- [WHAT THE TASK ASKS] With pictures left out, write out exactly every line from the start of the data through the one that contains "Details • Size".

Start of RECORDED DATA

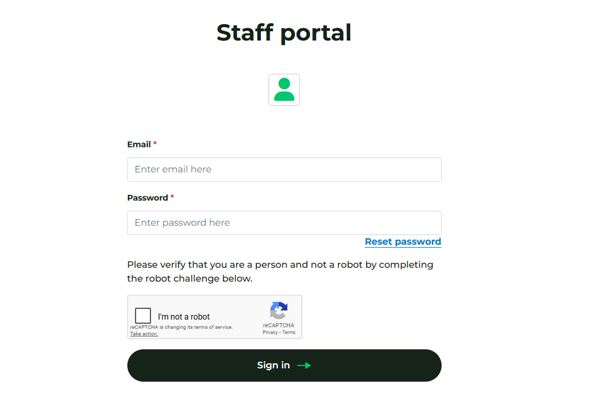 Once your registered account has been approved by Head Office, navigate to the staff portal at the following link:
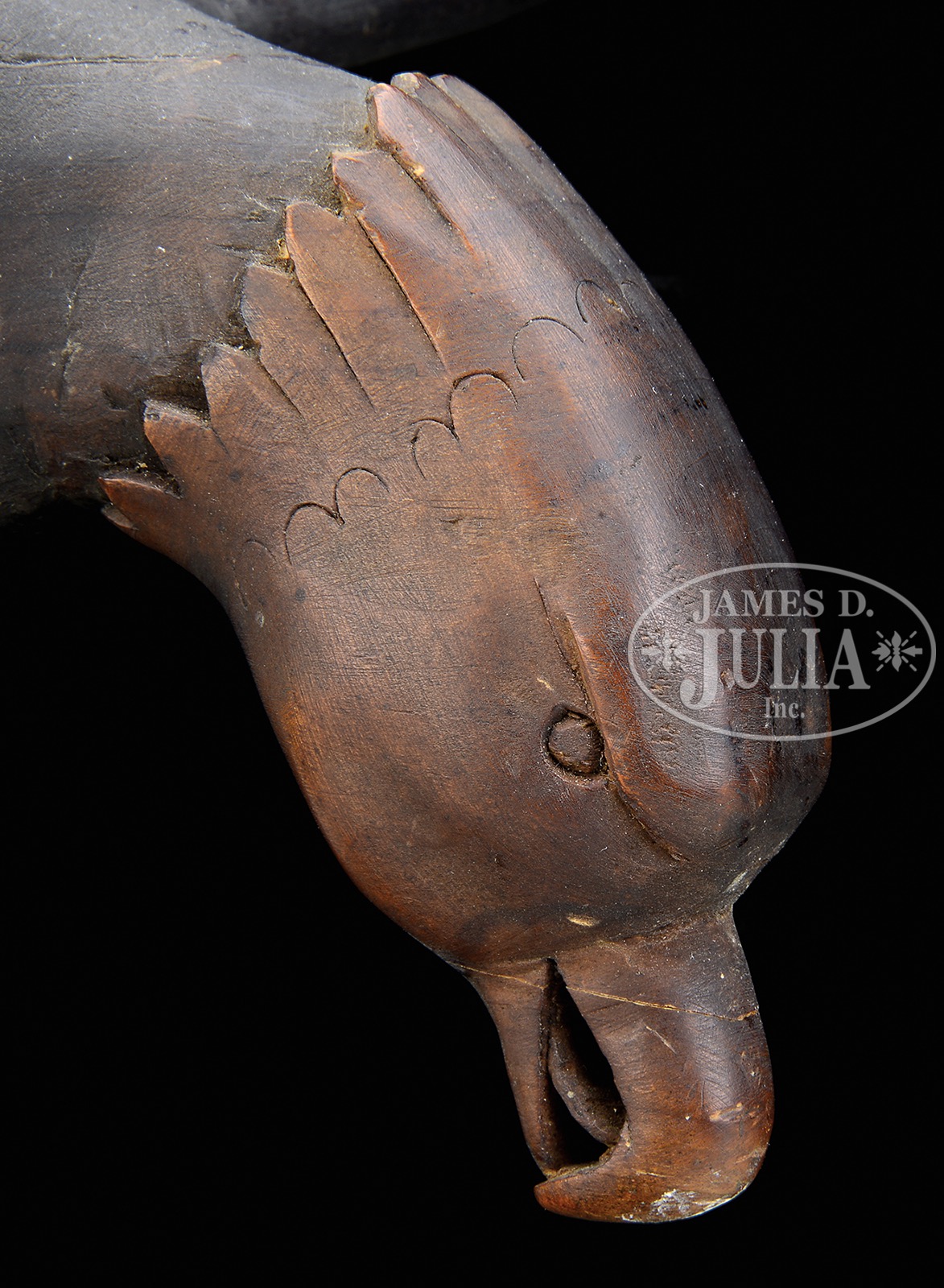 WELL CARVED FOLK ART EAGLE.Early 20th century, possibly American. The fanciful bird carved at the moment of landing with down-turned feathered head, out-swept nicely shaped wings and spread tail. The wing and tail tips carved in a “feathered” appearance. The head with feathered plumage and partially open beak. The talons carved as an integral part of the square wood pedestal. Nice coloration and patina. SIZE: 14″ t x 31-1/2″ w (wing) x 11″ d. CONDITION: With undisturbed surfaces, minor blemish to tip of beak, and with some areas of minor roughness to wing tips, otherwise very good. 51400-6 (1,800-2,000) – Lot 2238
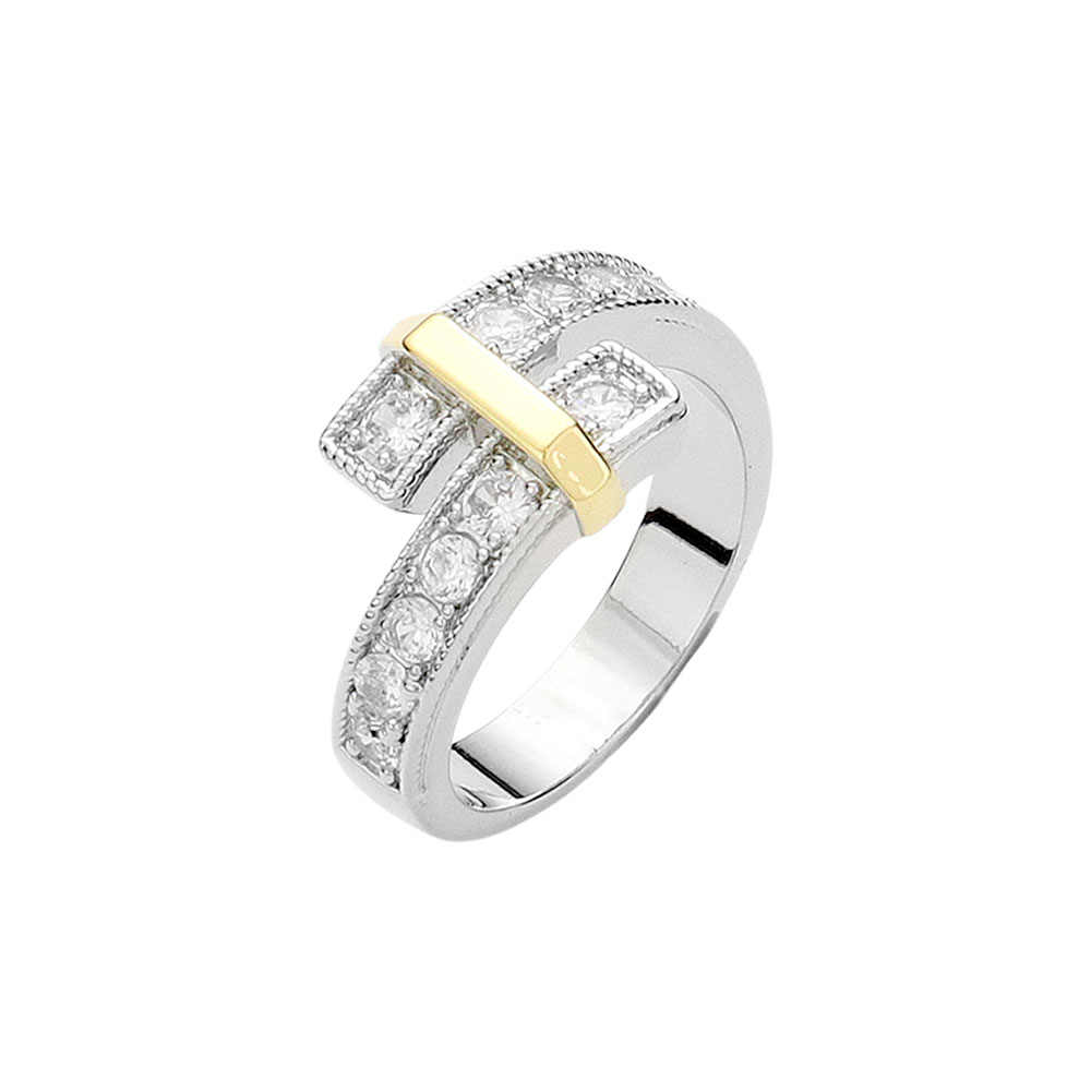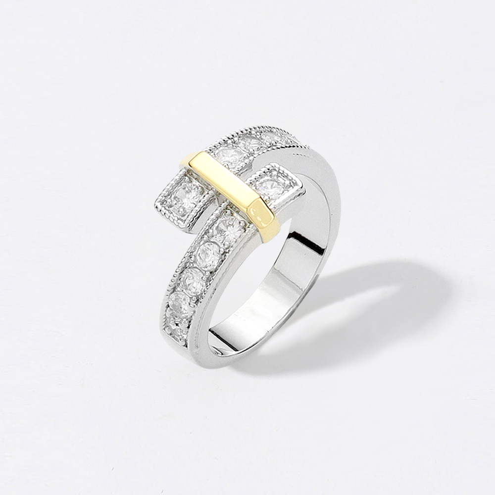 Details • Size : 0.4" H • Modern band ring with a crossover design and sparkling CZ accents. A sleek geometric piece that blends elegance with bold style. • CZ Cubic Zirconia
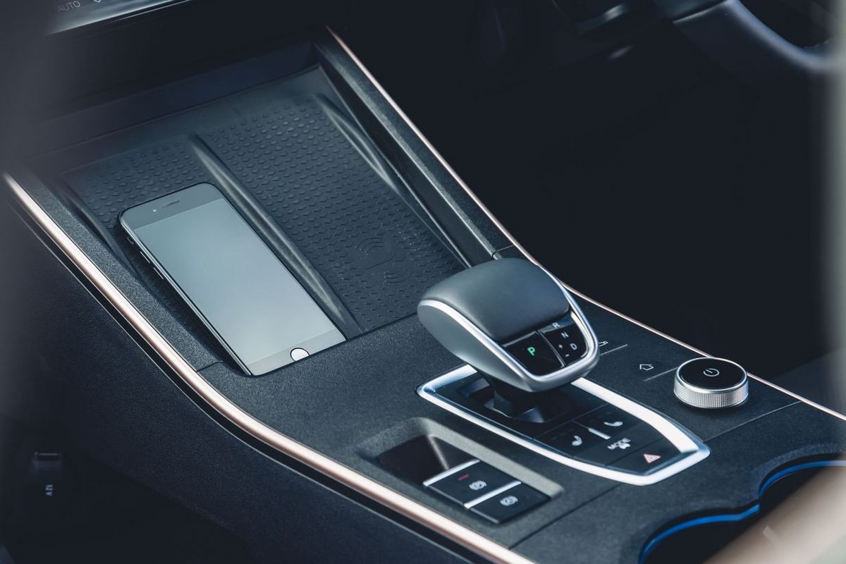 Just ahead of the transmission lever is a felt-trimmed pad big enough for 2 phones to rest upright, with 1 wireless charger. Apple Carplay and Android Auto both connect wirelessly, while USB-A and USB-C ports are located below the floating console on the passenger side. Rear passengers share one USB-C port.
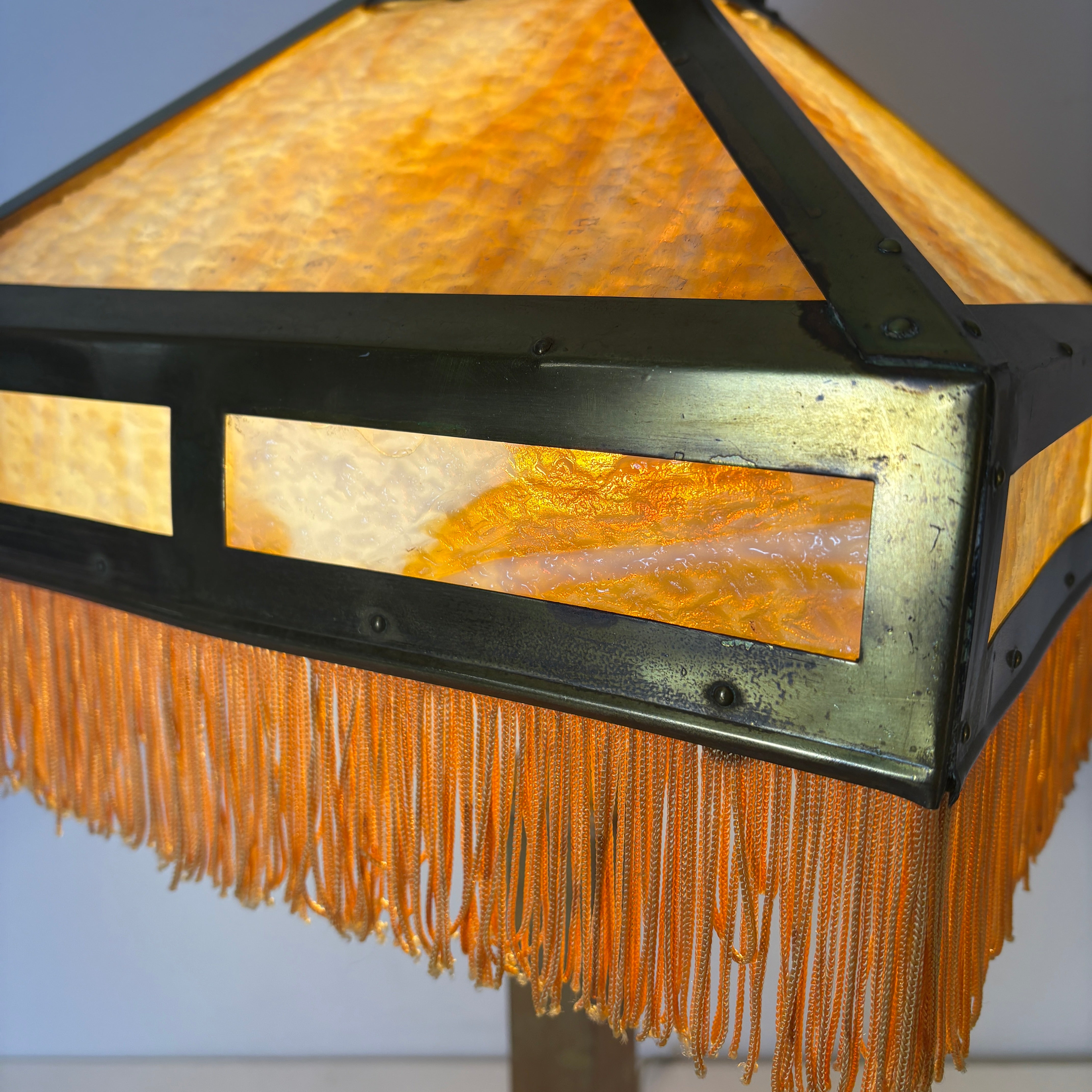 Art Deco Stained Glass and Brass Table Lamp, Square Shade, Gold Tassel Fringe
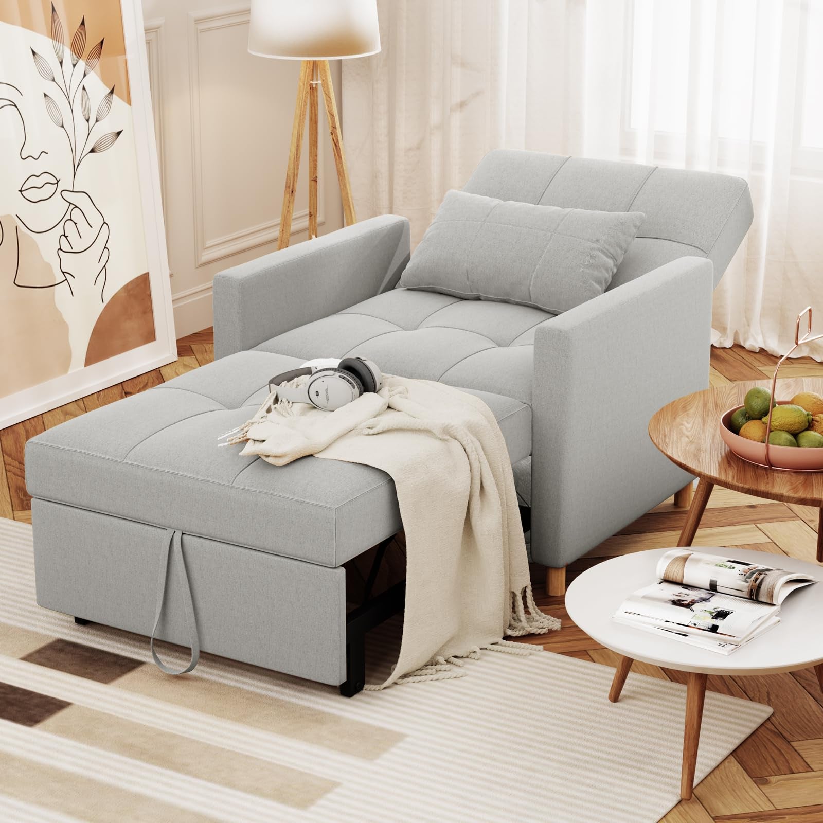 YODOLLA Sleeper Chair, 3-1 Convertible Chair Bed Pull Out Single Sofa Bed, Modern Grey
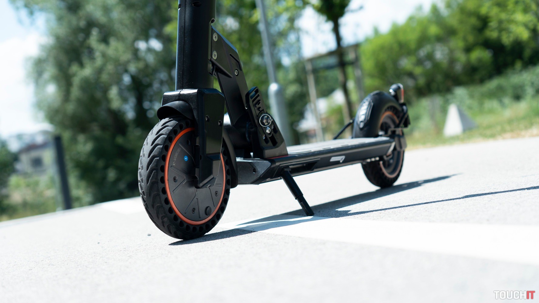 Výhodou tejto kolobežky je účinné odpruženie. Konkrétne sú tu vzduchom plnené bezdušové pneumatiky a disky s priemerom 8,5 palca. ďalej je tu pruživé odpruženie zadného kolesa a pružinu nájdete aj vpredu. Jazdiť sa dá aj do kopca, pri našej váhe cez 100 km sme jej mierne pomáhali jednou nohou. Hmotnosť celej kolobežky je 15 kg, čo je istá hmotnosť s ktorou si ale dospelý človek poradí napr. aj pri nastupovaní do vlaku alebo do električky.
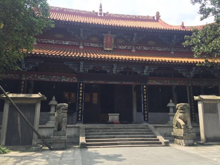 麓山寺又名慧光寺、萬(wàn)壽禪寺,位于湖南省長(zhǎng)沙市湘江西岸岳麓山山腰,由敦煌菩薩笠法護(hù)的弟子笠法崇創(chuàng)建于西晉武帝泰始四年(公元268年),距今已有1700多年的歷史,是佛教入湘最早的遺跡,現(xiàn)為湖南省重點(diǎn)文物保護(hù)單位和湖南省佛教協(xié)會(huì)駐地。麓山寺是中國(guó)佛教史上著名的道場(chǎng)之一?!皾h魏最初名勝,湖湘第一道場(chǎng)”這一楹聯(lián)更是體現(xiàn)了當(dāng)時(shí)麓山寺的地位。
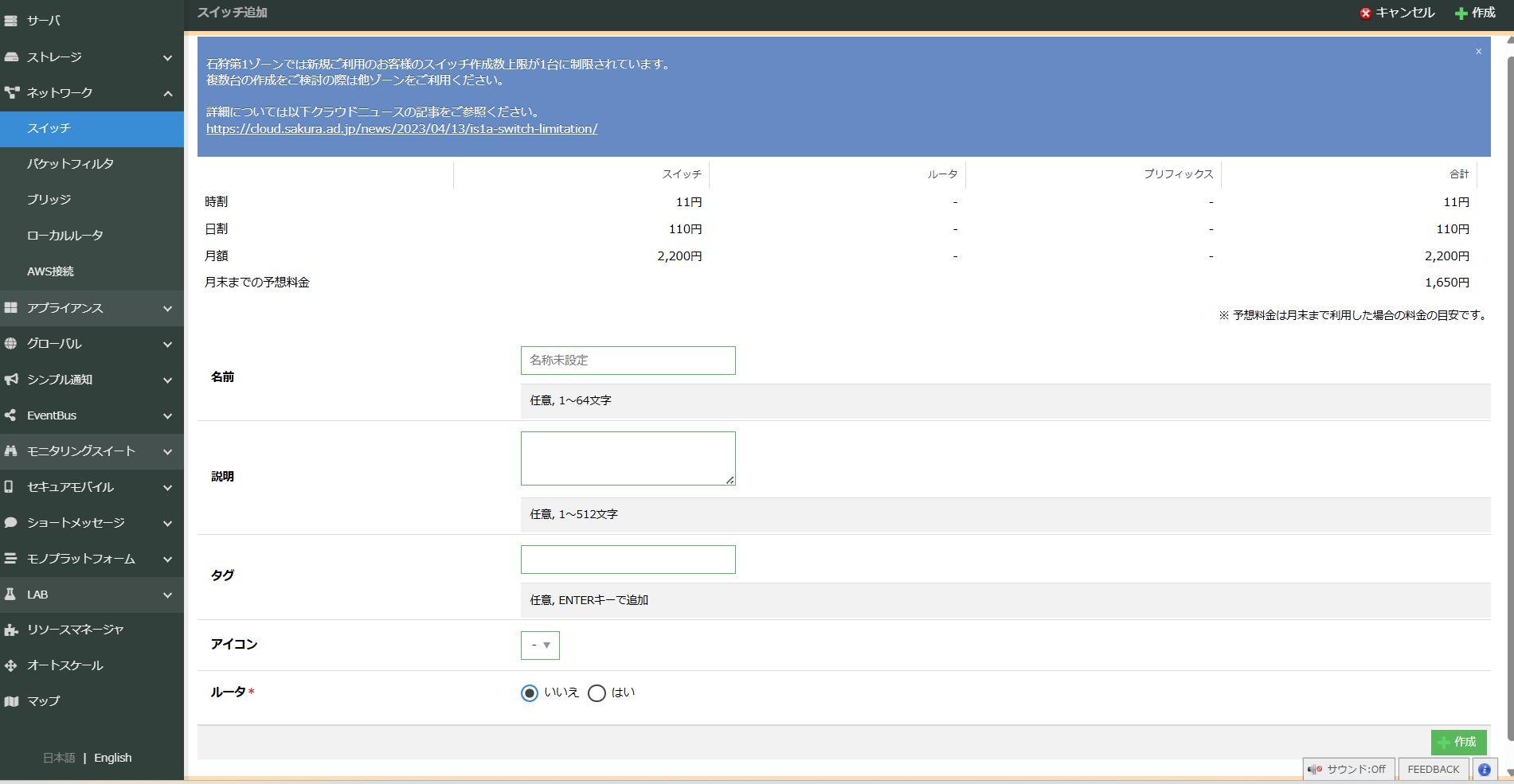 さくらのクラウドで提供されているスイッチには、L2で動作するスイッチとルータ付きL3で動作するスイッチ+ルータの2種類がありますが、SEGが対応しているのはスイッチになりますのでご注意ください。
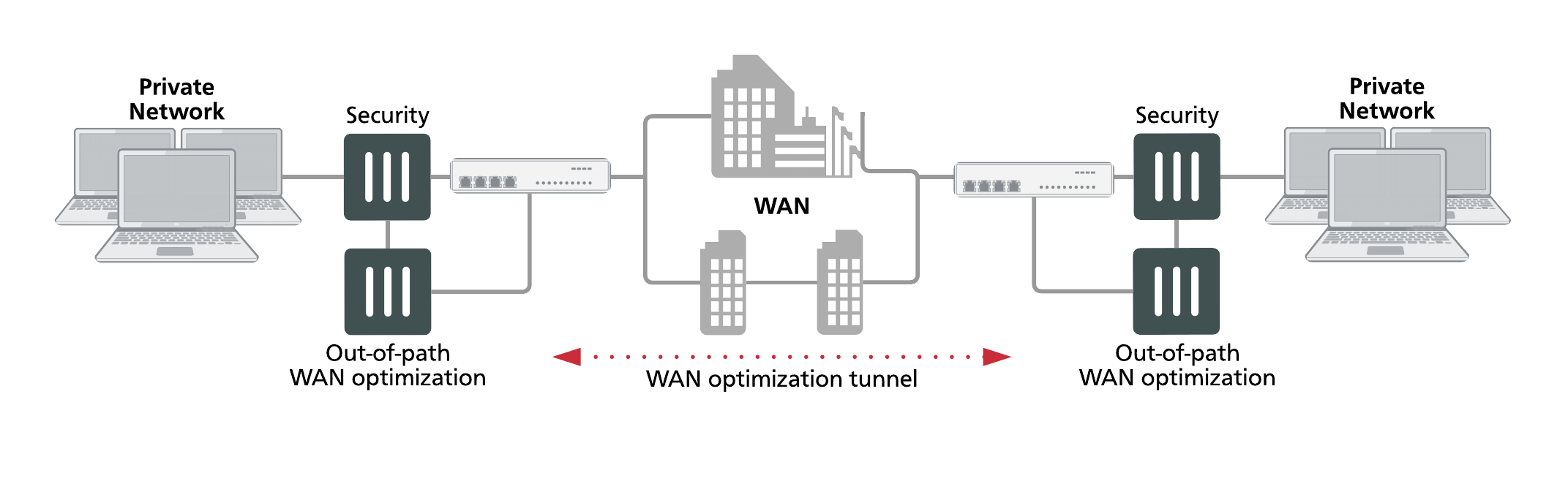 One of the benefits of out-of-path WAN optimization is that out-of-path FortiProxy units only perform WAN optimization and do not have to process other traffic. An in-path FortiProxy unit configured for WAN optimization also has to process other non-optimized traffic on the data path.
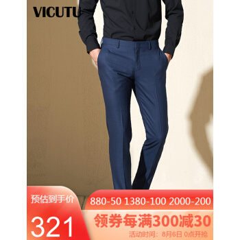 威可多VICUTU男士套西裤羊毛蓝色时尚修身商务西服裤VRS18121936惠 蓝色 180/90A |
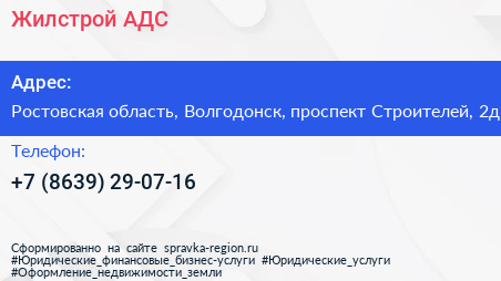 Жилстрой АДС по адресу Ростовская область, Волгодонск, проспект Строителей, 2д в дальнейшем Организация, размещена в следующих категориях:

End of RECORDED DATA

- [ANSWER FOR THE TASK]
 Once your registered account has been approved by Head Office, navigate to the staff portal at the following link:
 WELL CARVED FOLK ART EAGLE.Early 20th century, possibly American. The fanciful bird carved at the moment of landing with down-turned feathered head, out-swept nicely shaped wings and spread tail. The wing and tail tips carved in a “feathered” appearance. The head with feathered plumage and partially open beak. The talons carved as an integral part of the square wood pedestal. Nice coloration and patina. SIZE: 14″ t x 31-1/2″ w (wing) x 11″ d. CONDITION: With undisturbed surfaces, minor blemish to tip of beak, and with some areas of minor roughness to wing tips, otherwise very good. 51400-6 (1,800-2,000) – Lot 2238
 Details • Size : 0.4" H • Modern band ring with a crossover design and sparkling CZ accents. A sleek geometric piece that blends elegance with bold style. • CZ Cubic Zirconia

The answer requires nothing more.